- Opening Delimiter -

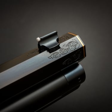 A classic, hand-crafted process used by high-end gunmakers for over a century. Each piece is carefully rusted, boiled, and polished over several days or weeks to create a rich, deep blue-black tone.
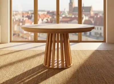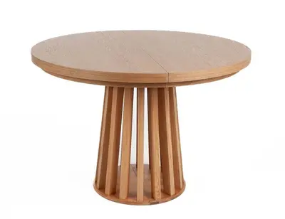 Veltu to okrągły stół rozkładany lub nierozkładany - do wyboru. Stół Veltu może być rozkładany nawet do 280 cm długości. Na co dzień nieduży, zgrabny stół rozkładany o średnicy 110 cm, 120 cm lub 130 cm, a po włożeniu 3 wstawek osiąga długość nawet 280 cm, dzięki czemu można ugościć dużą grupę przyjaciół, czy też liczną rodzinę. Stół wykonany jest z drewna bukowego lub dębowego oraz naturalnych fornirów bukowych lub dębowych. Bogata paleta wybarwień umożliwi dobranie koloru pasującego do pozostałych mebli w naszym mieszkaniu. Stabilność zapewniają wytrzymałe prowadnice teleskopowe, a w przypadku stołu z 3 wstawkami stosowane są specjalne dodatkowe nogi, które rozstawiane są dopiero przy większym rozłożeniu.
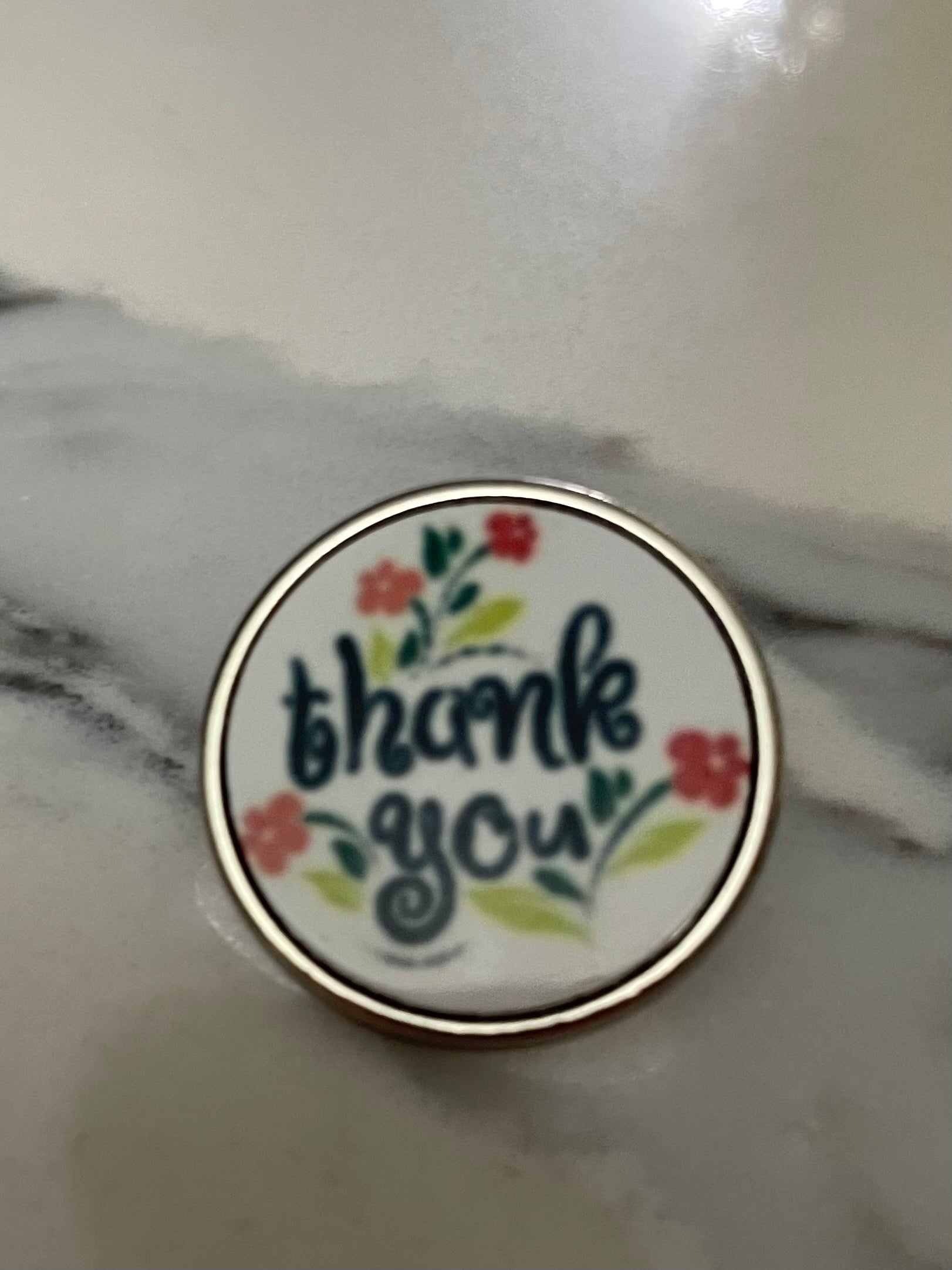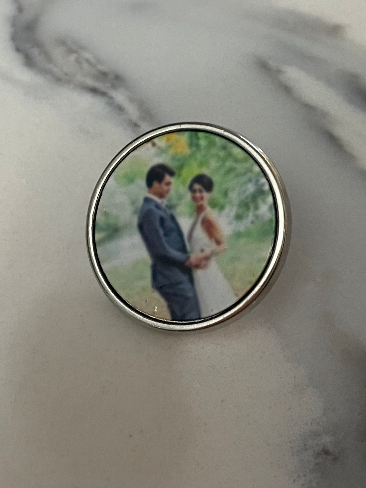 Optional add on: 1" Sublimation Pin Button for additional $5 Customized using your picture or the words Thank you. Email us a photo of your choice and we will add it to the pin.
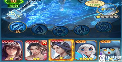 在游戏中,获得的神将分为四大属性,炎、冰、毒、雷,每个属性的神将只能上阵一个,点击“一键上阵”可自动上阵最高品质的神将,突破神将和激活技能、羁绊等可快速提升神将战力。
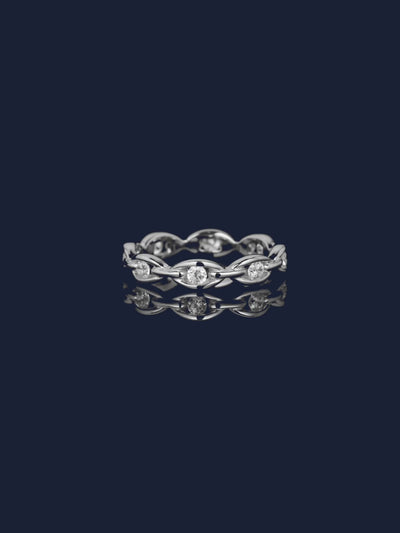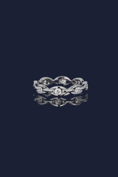 هذا الخاتم مصنوع يدويًا من الفضة الإسترليني ومرصع بالزركونيا على شكل مكعبات باللون الأبيض. تمنح التقنية المستخدمة في التركيب الأحجار تأثيرًا سلسًا وراقيًا.
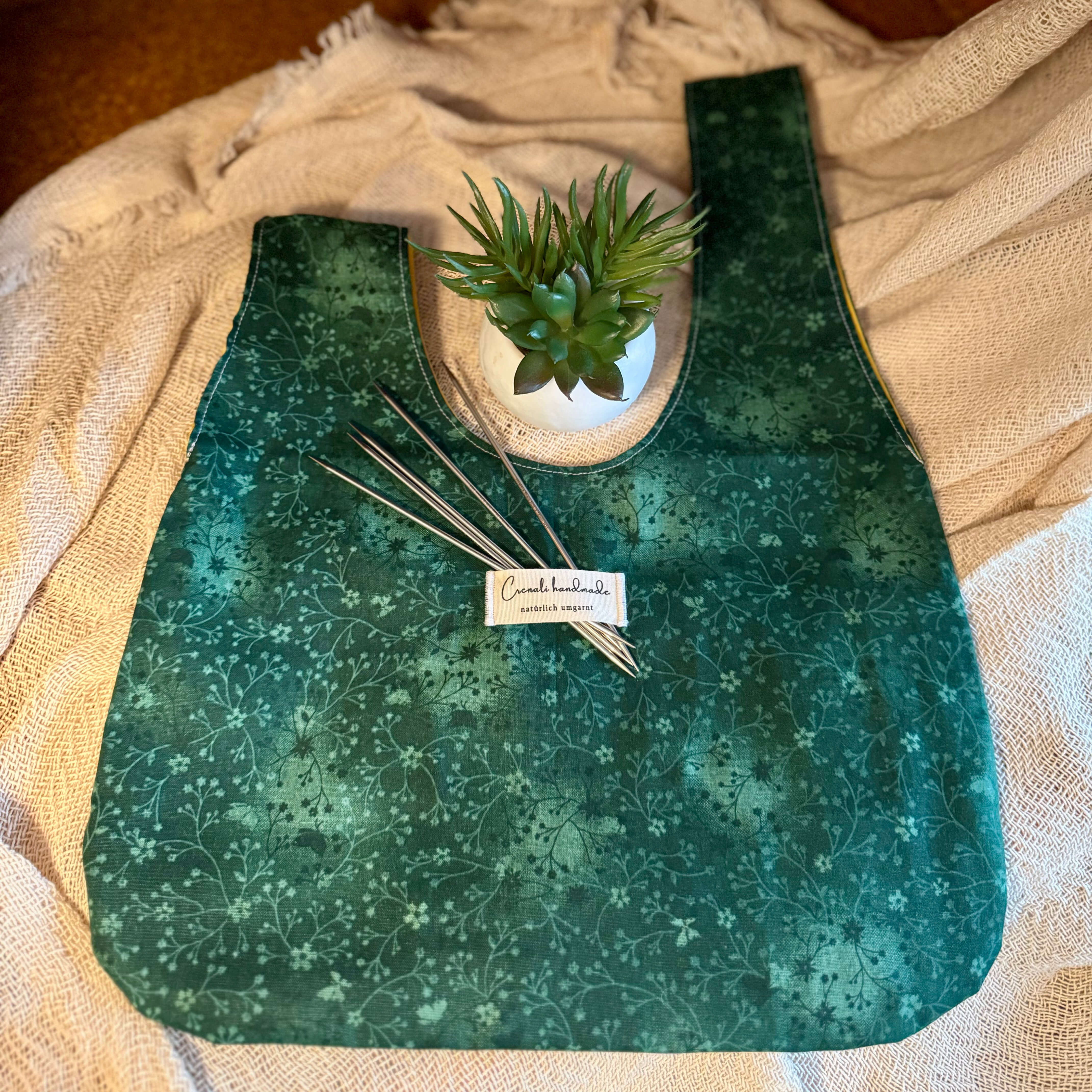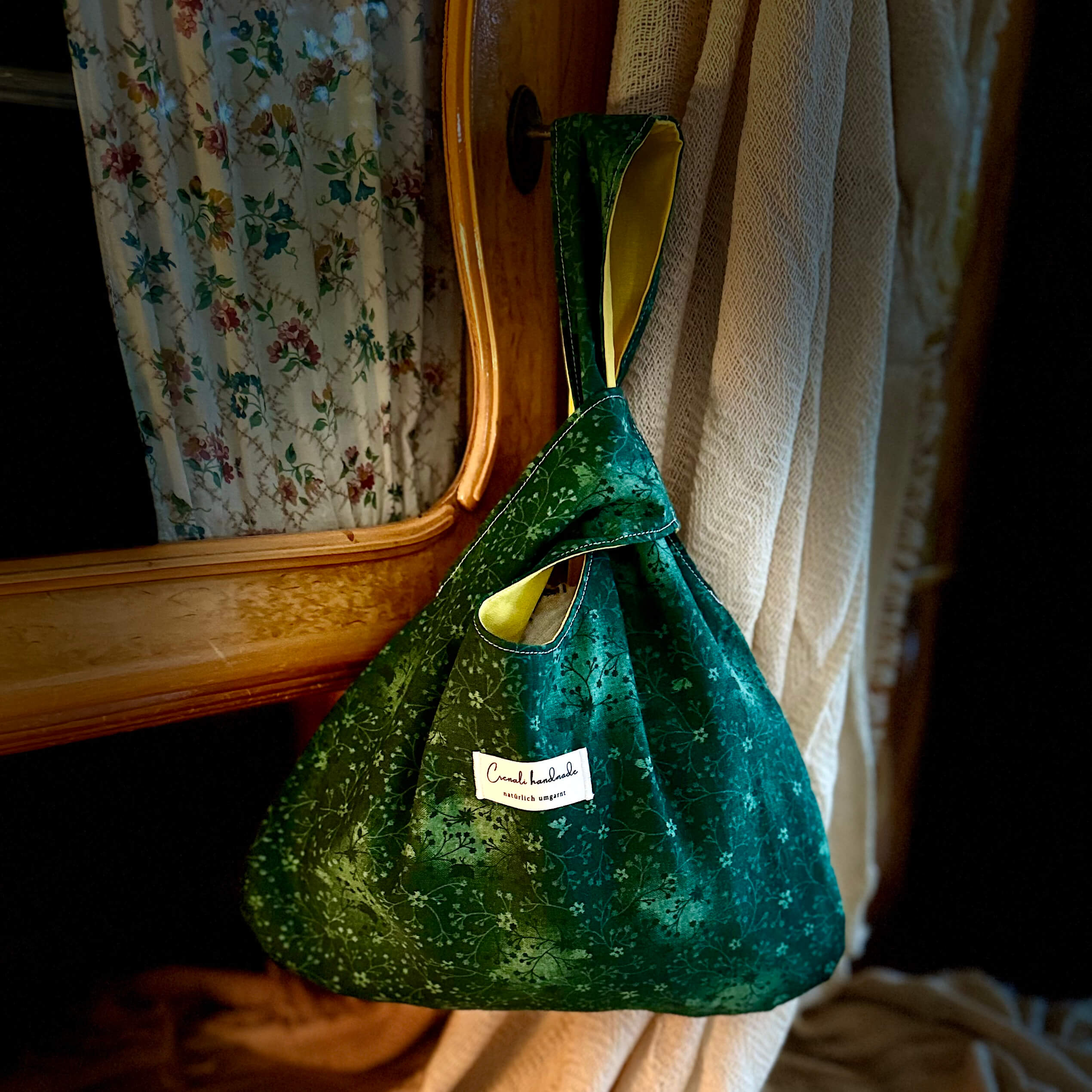 Natürlich, elegant und ein kleines Stück Waldgefühl – unsere japanische Knotentasche im Design Moosranke bringt Ruhe und Harmonie in deine kreative Auszeit. Handgenäht aus 100% Baumwolle (Innen- und Außenstoff) ist sie robust, leicht und angenehm zu tragen.

- Closing Delimiter -

* [EXERCISE DESCRIPTION]: Working from the line that contains "Veltu to okrągły" to the last line of the listing, please quote each line exactly, pictures excluded.

* [WRITTEN RESPONSE]:
 Veltu to okrągły stół rozkładany lub nierozkładany - do wyboru. Stół Veltu może być rozkładany nawet do 280 cm długości. Na co dzień nieduży, zgrabny stół rozkładany o średnicy 110 cm, 120 cm lub 130 cm, a po włożeniu 3 wstawek osiąga długość nawet 280 cm, dzięki czemu można ugościć dużą grupę przyjaciół, czy też liczną rodzinę. Stół wykonany jest z drewna bukowego lub dębowego oraz naturalnych fornirów bukowych lub dębowych. Bogata paleta wybarwień umożliwi dobranie koloru pasującego do pozostałych mebli w naszym mieszkaniu. Stabilność zapewniają wytrzymałe prowadnice teleskopowe, a w przypadku stołu z 3 wstawkami stosowane są specjalne dodatkowe nogi, które rozstawiane są dopiero przy większym rozłożeniu.
 Optional add on: 1" Sublimation Pin Button for additional $5 Customized using your picture or the words Thank you. Email us a photo of your choice and we will add it to the pin.
 在游戏中,获得的神将分为四大属性,炎、冰、毒、雷,每个属性的神将只能上阵一个,点击“一键上阵”可自动上阵最高品质的神将,突破神将和激活技能、羁绊等可快速提升神将战力。
 هذا الخاتم مصنوع يدويًا من الفضة الإسترليني ومرصع بالزركونيا على شكل مكعبات باللون الأبيض. تمنح التقنية المستخدمة في التركيب الأحجار تأثيرًا سلسًا وراقيًا.
 Natürlich, elegant und ein kleines Stück Waldgefühl – unsere japanische Knotentasche im Design Moosranke bringt Ruhe und Harmonie in deine kreative Auszeit. Handgenäht aus 100% Baumwolle (Innen- und Außenstoff) ist sie robust, leicht und angenehm zu tragen.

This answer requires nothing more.